SELECT CustomerNum, CustomerName
FROM Customer
WHERE RepNum = '20'
AND CreditLimit = 7500;
 List the number and name of all customers that are
represented by sales rep 20 or have credit limits of $7,500.
SELECT CustomerNum, CustomerName
FROM Customer
WHERE RepNum = '20'
OR CreditLimit = 7500;
 For each order, list the order number, order date,
the number of the customer that placed the order, and the name
of the customer that placed the order.
SELECT OrderNum, OrderDate, Orders.CustomerNum, CustomerName
FROM Orders, Customer
WHERE Orders.CustomerNum = Customer.CustomerNum;
 List the number and name of all customers represented by
Valerie Kaiser.
SELECT CustomerNum, CustomerName
FROM Customer, Rep
WHERE Customer.RepNum = Rep.RepNum
AND LastName = 'Kaiser'
AND FirstName = 'Valerie';
 How many customers have a credit limit of $7,500?
SELECT COUNT(*)
FROM Customer
WHERE CreditLimit = 7500;
 Find the total of the balances for all customers
represented by sales rep 65.
SELECT SUM(Balance)
FROM Customer
WHERE RepNum = '65';
 Give the part number, description, and onhand value
OnHand * Price
for each part in item class AP.
SELECT PartNum, Description, OnHand * Price
FROM Part
WHERE Class = 'AP';
 List all columns and all rows in the
Part table. Sort the results by part description.
SELECT *
FROM Part
ORDER BY Description;
 List all columns and all rows in the Part
table. Sort the results by part number within item
class.
SELECT *
FROM Part
ORDER BY Class, PartNum;
 List the item class and
the sum of the value of parts on
hand. Group the results by item class.
SELECT Class, SUM(OnHand)
FROM Part
GROUP BY Class;
 Create a new table named Appliance to contain the
columns PartNum, Description, OnHand, Warehouse, and Price
for all rows in which the item class is AP.
SELECT PartNum, Description, OnHand, Warehouse, Price
INTO Appliance
FROM Part
WHERE Class='AP';
 In the Appliance table, change the description
of part KL62 to "Electric Dryer".
UPDATE Appliance
SET Description='Electric Dryer'
WHERE PartNum='KL62';
 In the Applicance table, delete every row in which the
warehouse number is 3.
DELETE
FROM Appliance
WHERE Warehouse='3'
Here's the second problem, the Henry Books Case.

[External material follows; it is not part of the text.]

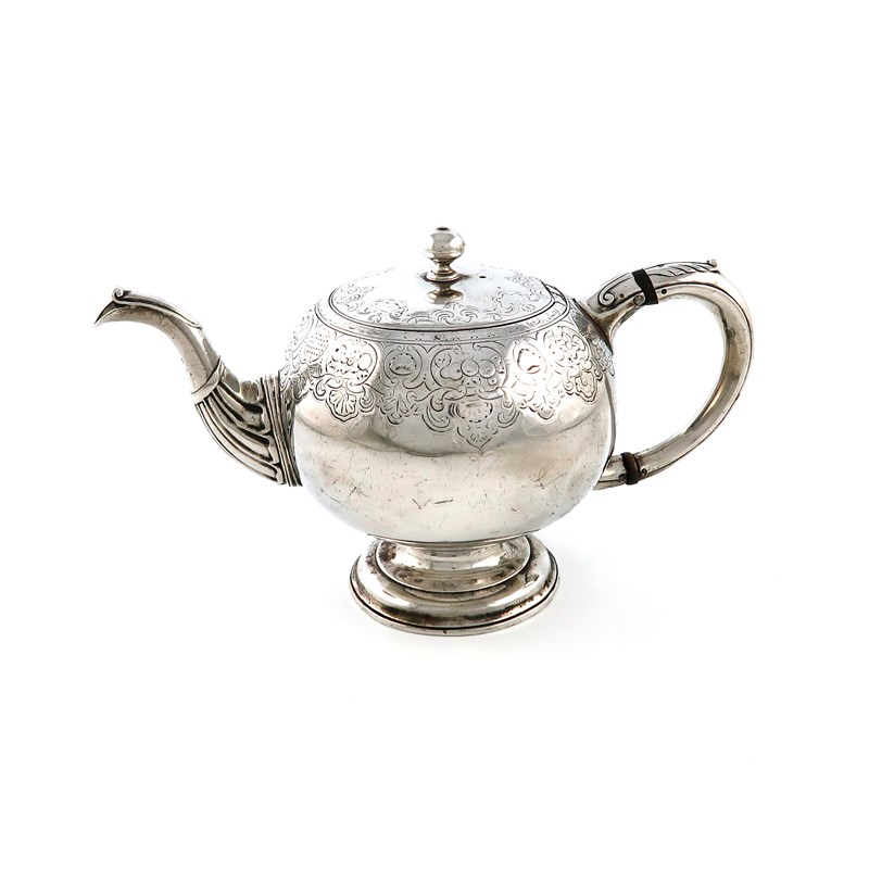 bullet form, leaf capped scroll handle with insulators, one is wooden and one is horn, chased foliate decoration, flush-hinged cover with a ball finial, on a raised circular foot, later initial, length handle to spout 15.5cm, approx. weight 20.8oz.

 List the book code and book title for every book.
SELECT BookCode, Title
FROM Book;
 List the complete Publisher table (all rows and all columns).
SELECT *
FROM Publisher;
 list the name of every publisher located in New York.
SELECT PublisherName
FROM Publisher
WHERE City='New York';
 List the name of every publisher not located in New York.
SELECT PublisherName
FROM Publisher
WHERE NOT City='New York';
 List the name of every branch that has at least 10 employees.
SELECT BranchName
FROM Branch
WHERE NumEmployees >= 10;

SELECT BookCode, Title
FROM Book
WHERE Type='HOR';
 List the book code and title of every book that has the type HOR and that has the publisher code PE.
SELECT BookCode, Title
FROM Book
WHERE Type='HOR'
AND Paperback;
 List the book code and title of every book that has the type HOR or that has the publisher code PE.
SELECT BookCode, Title
FROM Book
WHERE Type='HOR'
OR PublisherCode='PE';
 List the book code, title, and price for each book with a price that is greater than $10 but less than $20.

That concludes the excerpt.